### WHAT IS BEING ASKED
What you return must match the records exactly, except that the pictures are gone.
Segment Open
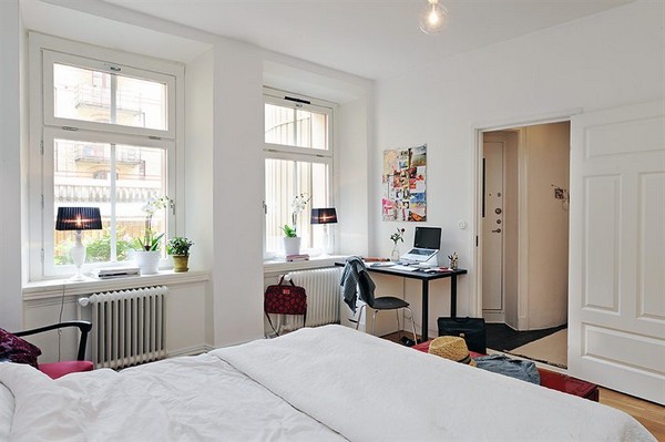 Today we will try to show a small apartment designs are simple but stands out impressed. The apartments are equipped with two rooms plus kitchen and living room with an area of ​​65 square meters. Although small in size but it looks spacious, this is because in the living room has a spacious design. Not much visible in the living room furniture, simple concepts are also outlined in the bedroom, and kitchen. Elections tend to be dominant white color, so having the impression of light and bright. Interestingly also, one corner of the room there is a beautiful fireplace, so it will add to the atmosphere is warm. Furniture of the selected few to show the impression with the concept of a minimalist black and white, for example, coffee table and desk / study that looks sweet. The living room contained a comfortable white sofa is used to relax and unwind but has an attractive design. Selected by the selection of bed king size with color covers eye-catching red. Besides the design of this apartment has a beautiful terrace with a rural feel.
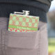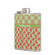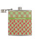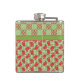 A fun Hip Flask to personalize, with two country-style, mix'n'match patterns of cute red dragons on a green and white check gingham background.
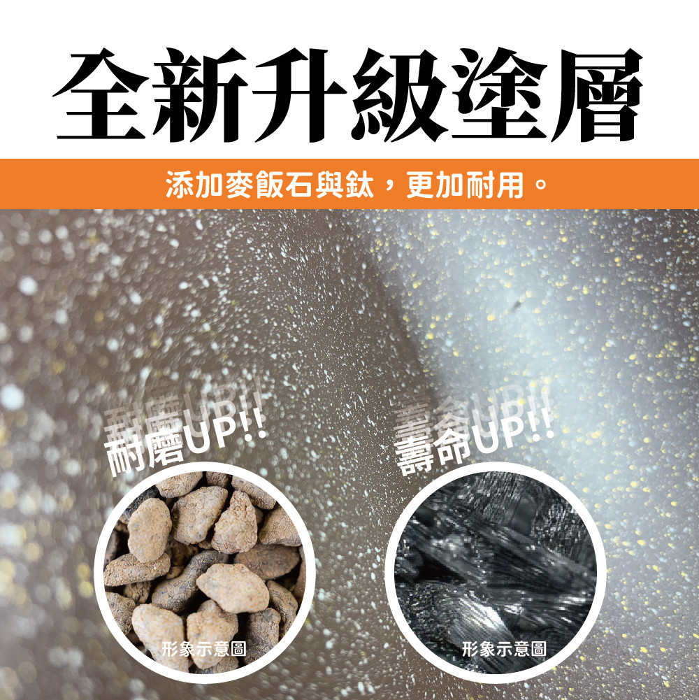 | ◆鍋身材質:鋁合金鍋身、麥飯石鈦不沾處理。 |
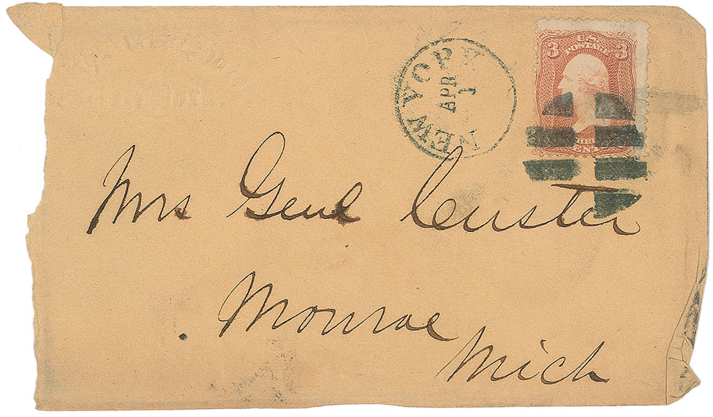 Hand-addressed mailing envelope, 5.25 x 3, addressed by Custer to his wife, “Mrs. Genl. Custer, Monroe, Mich,” bearing an affixed three-cent postage stamp and postmarked New York, April. In very good condition, with a torn left edge from opening, light creasing and soiling, and slight spreading to the writing (the postmark stamps trivially affecting two letters). Pre-certified PSA/DNA.
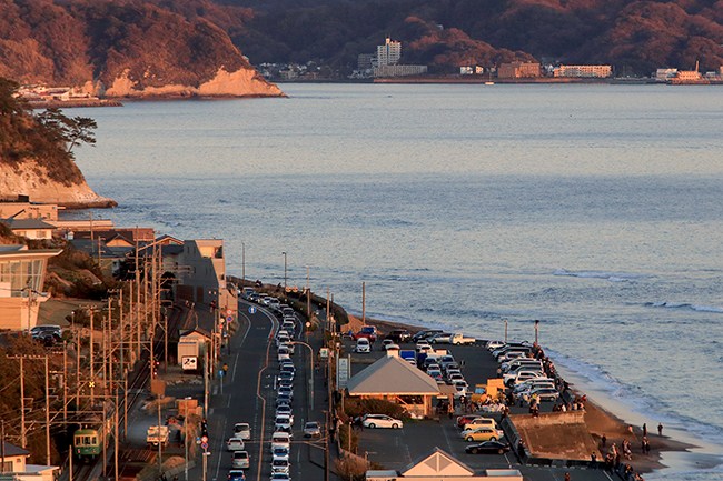 藤沢から戻ってきた300形を捉えます。七里ヶ浜駐車場の先に広がるのは、稲村ヶ崎、由比ガ浜
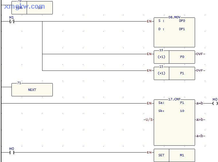 當(dāng)循環(huán)次數(shù)到達時,即 P1=10,[SET M1]指令將被執(zhí)行, M1被置位變?yōu)?ON,F(xiàn)OR~NEXT循環(huán)中的指令因M1的常閉接點斷開而停止執(zhí)行。
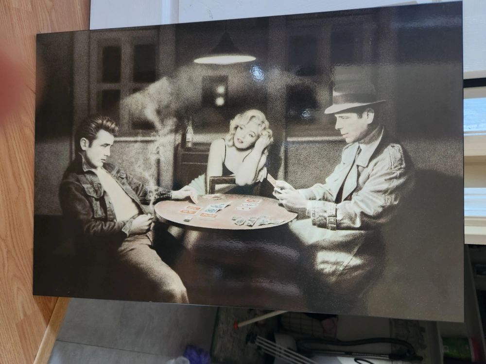 This is a large wall art piece featuring Marilyn Monroe, Elvis Presley and James Dean. It is made of a hard composite material and measures 24 inches by 36 inches. It is in really good condition
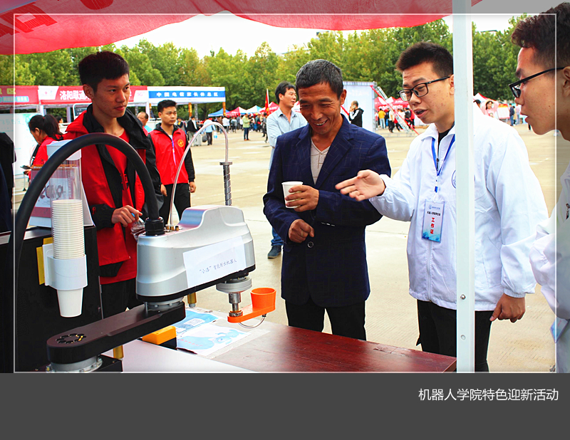 今年迎新最引人注目的是一台"小洛"智能倒水机器人。它的到来为迎新工作增添了许多的乐趣,它不仅为家长提供了饮水服务,更让家长和学生进一步了解了我们的机器人专业,让更多的人对于机器人有了更深的认知,很好的展现了美高梅娱乐场
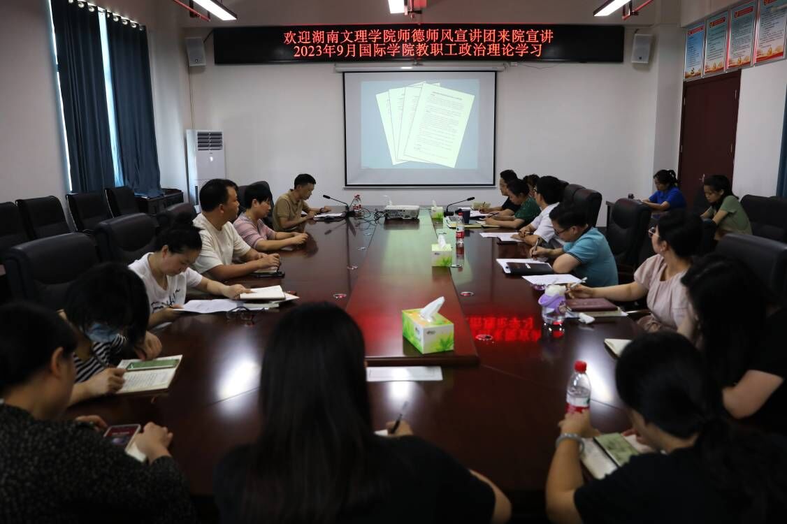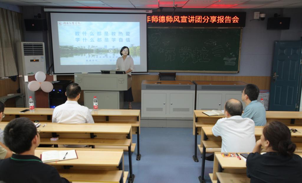 本网讯(教师工作部 供稿)躬耕教坛,强国有我。9月5日下午,学校举行师德师风宣讲团第六轮集中分享报告会。宣讲团成员分成五个小组分别到生命与环境科学学院、医学院、计算机与电气工程学院、机械工程学院、土木建筑工程学院、国际学院进行宣讲。
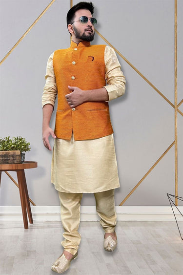 Readymade Art Silk Fabric Beautiful Kurta Pyjama For Men With Orange Color 3 Pcs Jacket Set
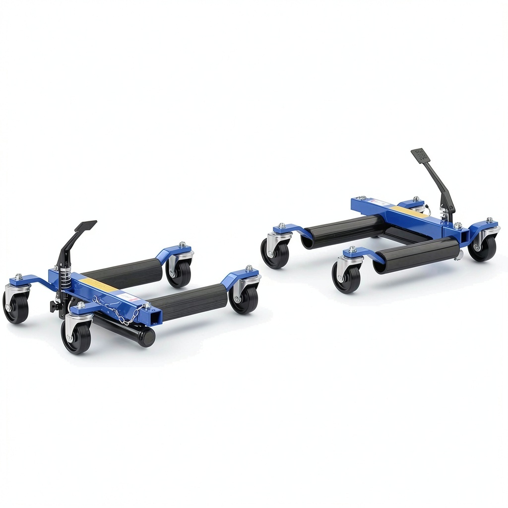 This car wheel dolly is ideal for a variety of realistic scenarios, including auto repair shops, home garages, and roadside assistance. It simplifies tasks such as moving disabled cars, repositioning wheels during tire changes, and transporting light vans for maintenance. Target audiences include professional mechanics, DIY enthusiasts, and vehicle owners seeking efficient solutions for handling heavy loads. Whether in a cluttered workshop or an emergency situation, the dolly’s portability and strength make it suitable for frequent use in both commercial and residential settings.
Segment Closed
### OUTPUT BELOW
 Today we will try to show a small apartment designs are simple but stands out impressed. The apartments are equipped with two rooms plus kitchen and living room with an area of ​​65 square meters. Although small in size but it looks spacious, this is because in the living room has a spacious design. Not much visible in the living room furniture, simple concepts are also outlined in the bedroom, and kitchen. Elections tend to be dominant white color, so having the impression of light and bright. Interestingly also, one corner of the room there is a beautiful fireplace, so it will add to the atmosphere is warm. Furniture of the selected few to show the impression with the concept of a minimalist black and white, for example, coffee table and desk / study that looks sweet. The living room contained a comfortable white sofa is used to relax and unwind but has an attractive design. Selected by the selection of bed king size with color covers eye-catching red. Besides the design of this apartment has a beautiful terrace with a rural feel.
 A fun Hip Flask to personalize, with two country-style, mix'n'match patterns of cute red dragons on a green and white check gingham background.
 | ◆鍋身材質:鋁合金鍋身、麥飯石鈦不沾處理。 |
 Hand-addressed mailing envelope, 5.25 x 3, addressed by Custer to his wife, “Mrs. Genl. Custer, Monroe, Mich,” bearing an affixed three-cent postage stamp and postmarked New York, April. In very good condition, with a torn left edge from opening, light creasing and soiling, and slight spreading to the writing (the postmark stamps trivially affecting two letters). Pre-certified PSA/DNA.
 藤沢から戻ってきた300形を捉えます。七里ヶ浜駐車場の先に広がるのは、稲村ヶ崎、由比ガ浜
 當(dāng)循環(huán)次數(shù)到達時,即 P1=10,[SET M1]指令將被執(zhí)行, M1被置位變?yōu)?ON,F(xiàn)OR~NEXT循環(huán)中的指令因M1的常閉接點斷開而停止執(zhí)行。
 This is a large wall art piece featuring Marilyn Monroe, Elvis Presley and James Dean. It is made of a hard composite material and measures 24 inches by 36 inches. It is in really good condition
 今年迎新最引人注目的是一台"小洛"智能倒水机器人。它的到来为迎新工作增添了许多的乐趣,它不仅为家长提供了饮水服务,更让家长和学生进一步了解了我们的机器人专业,让更多的人对于机器人有了更深的认知,很好的展现了美高梅娱乐场
 本网讯(教师工作部 供稿)躬耕教坛,强国有我。9月5日下午,学校举行师德师风宣讲团第六轮集中分享报告会。宣讲团成员分成五个小组分别到生命与环境科学学院、医学院、计算机与电气工程学院、机械工程学院、土木建筑工程学院、国际学院进行宣讲。
 Readymade Art Silk Fabric Beautiful Kurta Pyjama For Men With Orange Color 3 Pcs Jacket Set
 This car wheel dolly is ideal for a variety of realistic scenarios, including auto repair shops, home garages, and roadside assistance. It simplifies tasks such as moving disabled cars, repositioning wheels during tire changes, and transporting light vans for maintenance. Target audiences include professional mechanics, DIY enthusiasts, and vehicle owners seeking efficient solutions for handling heavy loads. Whether in a cluttered workshop or an emergency situation, the dolly’s portability and strength make it suitable for frequent use in both commercial and residential settings.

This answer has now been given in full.